Как огромные струны, еще пели приводные ремни. Подрагивали стены, и быстрые отсветы мелькали по стальным рычагам. Но люди толпились в середине, и подходили все новые из других мастерских.
В замасленной блузе рабочего я говорил, стоя на табурете. Кругом бережным кольцом теснились свои. Начал я вяло и плоско, как заведенная шарманка. Но это море голов подо мною, горящие глаза на бледных лицах, тяжелые вздохи внимания в тишине. Колдовская волна подхватила меня, и творилось чудо.
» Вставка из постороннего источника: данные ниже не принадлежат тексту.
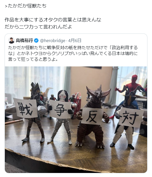 | … | 32無念Nameとしあき26/04/07(火)20:19:48No.1399262722そうだねx3>アニメや特撮使えばオタクを簡単にデモ動員できると思ってたんだろうなと |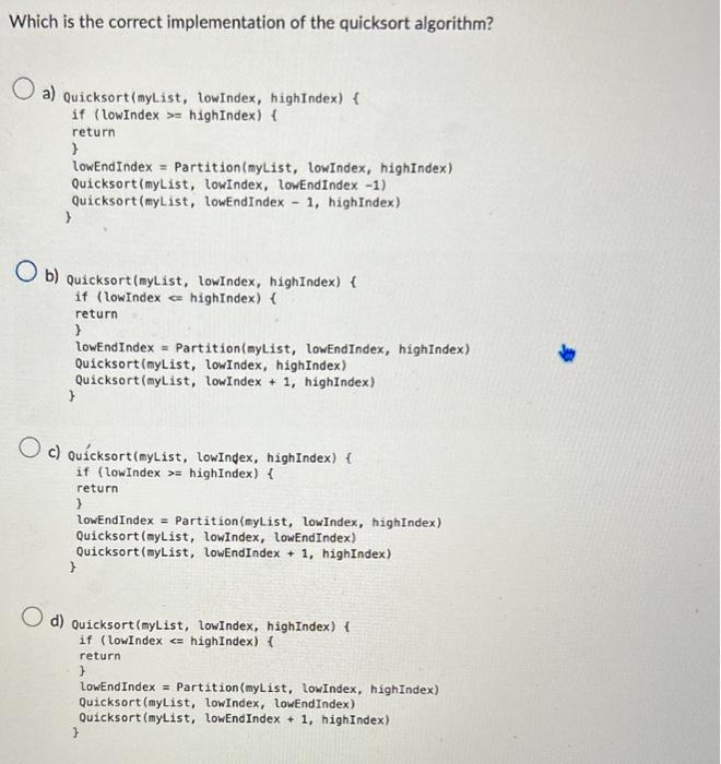 Solved Which is the correct implementation of the quicksort | Chegg.com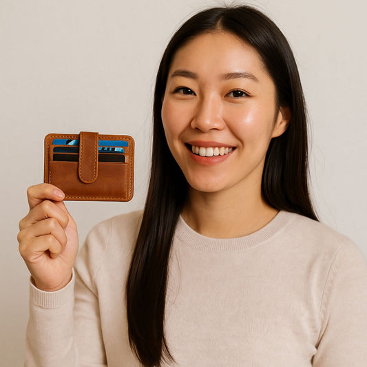 Leather Card Holder Wallet with ID Window - Brown - Miami
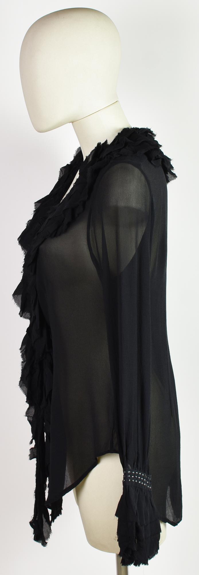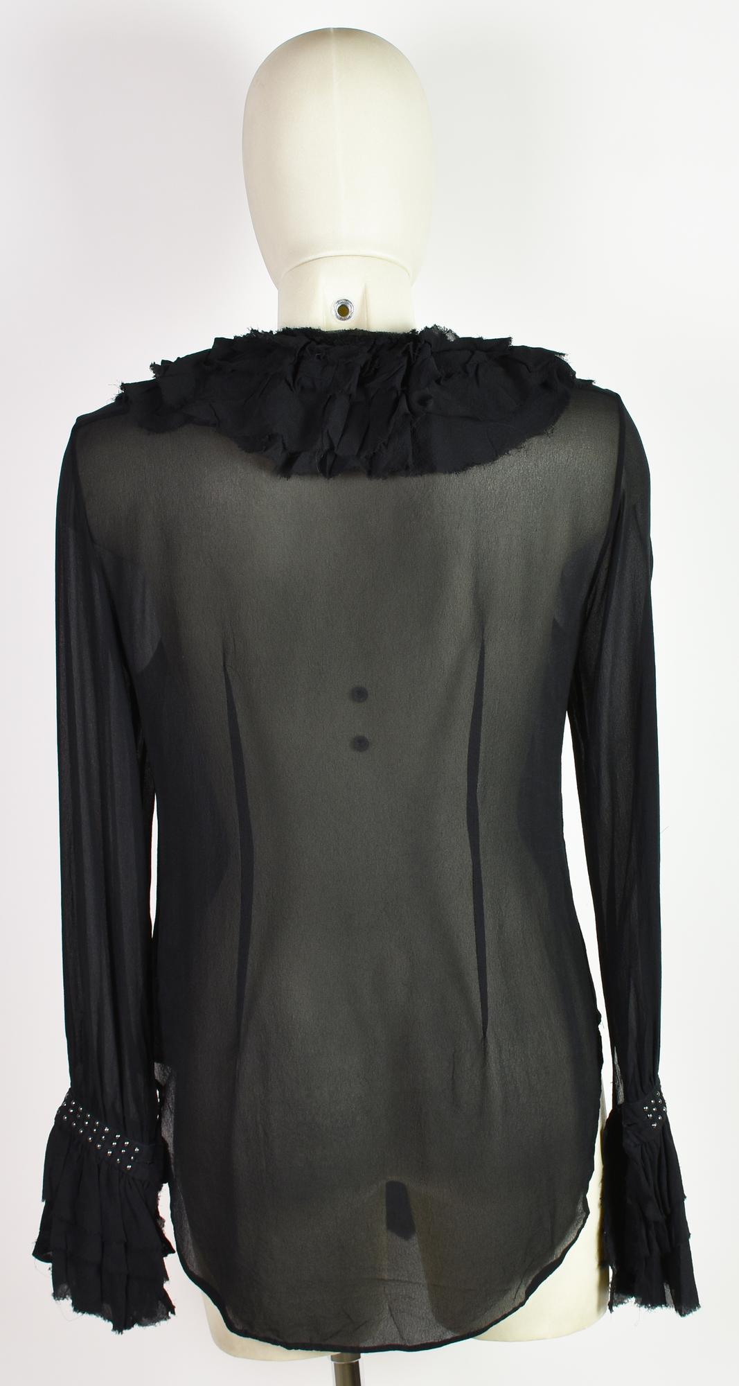 Black silk shirt with ruffle detail on the sleeves. Size 42 IT. 100% silk. Made in Italy. Perfectly preserved.

Был кругом как будто волшебный сад; я разбрасывал горсти сухих, мертвых семян, – и на глазах из них вырастали пышные цветы братской общности и молодой, творческой ненависти.
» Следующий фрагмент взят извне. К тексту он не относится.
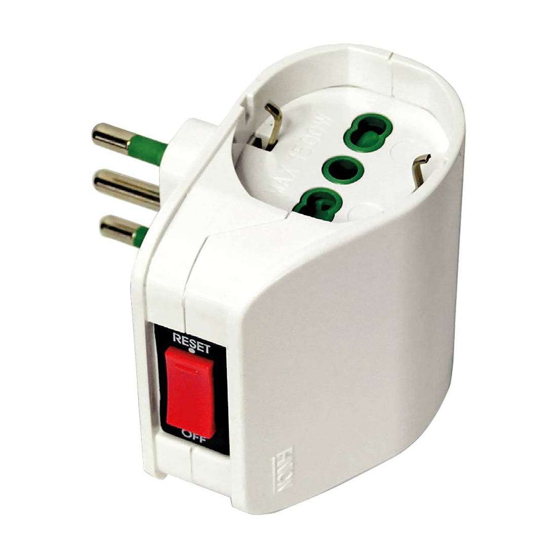 Presa: 1x2P+T10/16A + 1P+T Schuko. Spina: 2P+T10A. Il limitatore termico integrato ed azionabile tramite pulsante, interviene staccando automaticamente i carichi evitando il black-out. Il ripristino, invece, avviene manualmente riazionando l'interruttore. In confezione appendibile.
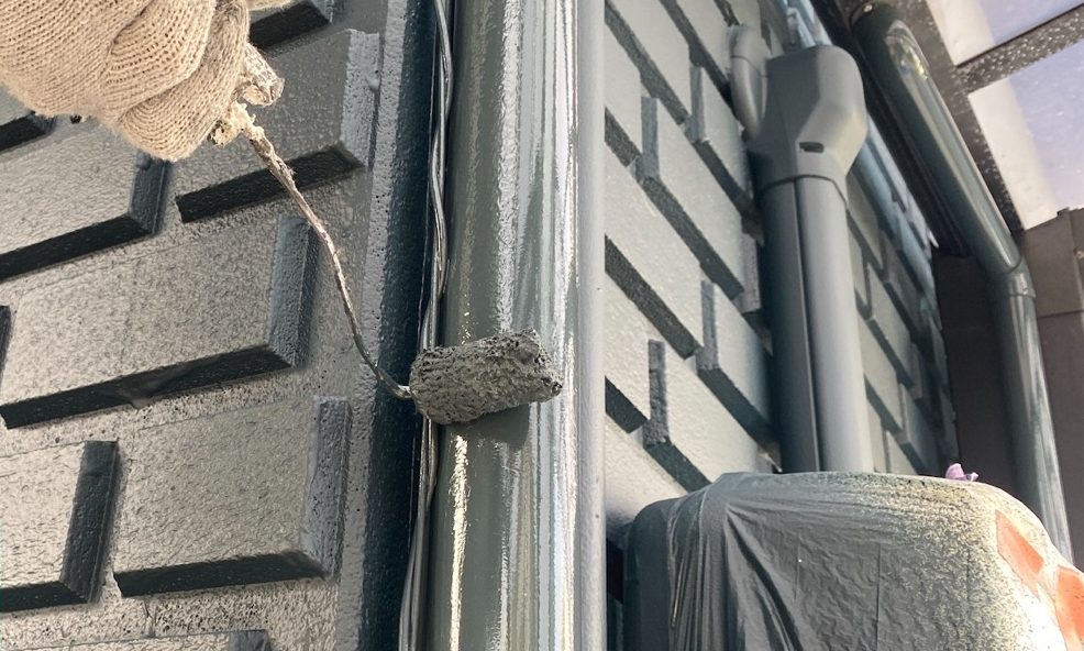 竪樋上塗り2回目施工中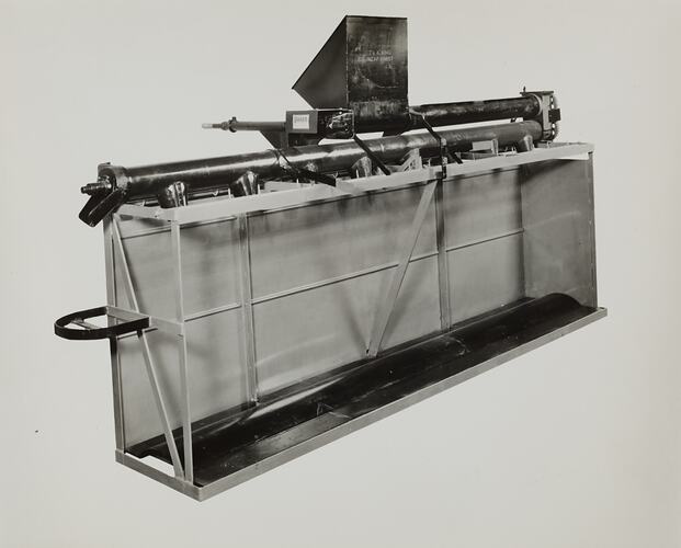 Black and white promotional image of a machine. It is part of a collection of photographs and marked printer's copy used in the preparation of trade literature promoting products manufactured by the Schumacher Mill Furnishing Works Pty Ltd. The items were originally housed in a wooden filing drawer, with many filed by subject. This photograph was previously filed under 'BAGGERS'.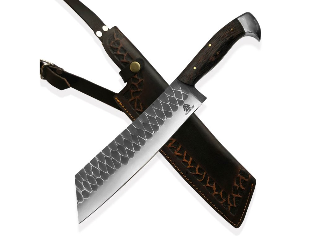 Kovaná mačeta Hacke Chopper D2 s čepelí z nástrojové oceli D2 s povrchovou úpravou black stonewashed a rukojetí ze dřeva Wenge. Extrémně odolný nástroj pro bushcraft, outdoor dobrodružství a survival. Dodávána s kvalitním koženým pouzdrem.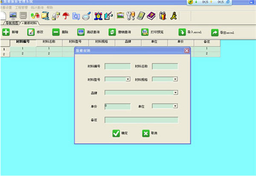 1、装修材料设置, 是工程中所用到的材料名称,型号,单价,数量等。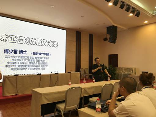 开班仪式上,黄文准副校长介绍了taptap官网的基本情况和教学安排;傅少君院长介绍了土木学院的科研水平和师资情况;区住建局局长吴海军要求全体学员要珍惜这次学习机会,把学到的知识和才干运用到工作中去,希望学员学有所思,学有所成;区协调办主任梅春满通报了全区校地融合成果,并对学员提出了殷切的希望。最后,傅少君院长做了题为“土木工程的发展及未来”的精彩报告。

Когда приходишь домой, – из большого, яркого мира вдруг попадаешь во что-то маленькое, узенькое, смирное. Алеша сидит в своей накуренной комнате, сгорбившись над столом. Моя комната большая, а его – очень маленькая. Он ее выбрал себе, – уверял, что любит тепло. Но сделал он это по своей обычной упорной деликатности.
Сидит он за маленькой лампочкой с бумажным колпаком и старательно пишет. Красиво пишет своим аккуратным почерком конспект прочитанной книжки. Если что нужно вычеркнуть, он вырывает из тетрадки всю страницу и переписывает. Конспектирует и ничтожнейшие брошюрки. Часто мне в голову приходит вопрос, – чем он живет? Застенчивый, молчаливый, нелюдимый. Никогда он не смотрит в глаза – даже мне, двоюродному своему брату, а мы с детства росли вместе. Ничем особенно не интересуется. Читает мало, принуждая себя, то, что я уж очень расхвалю. В комнате у него так все аккуратно разложено, так чисто. Это всегда признак бедной духовной жизни.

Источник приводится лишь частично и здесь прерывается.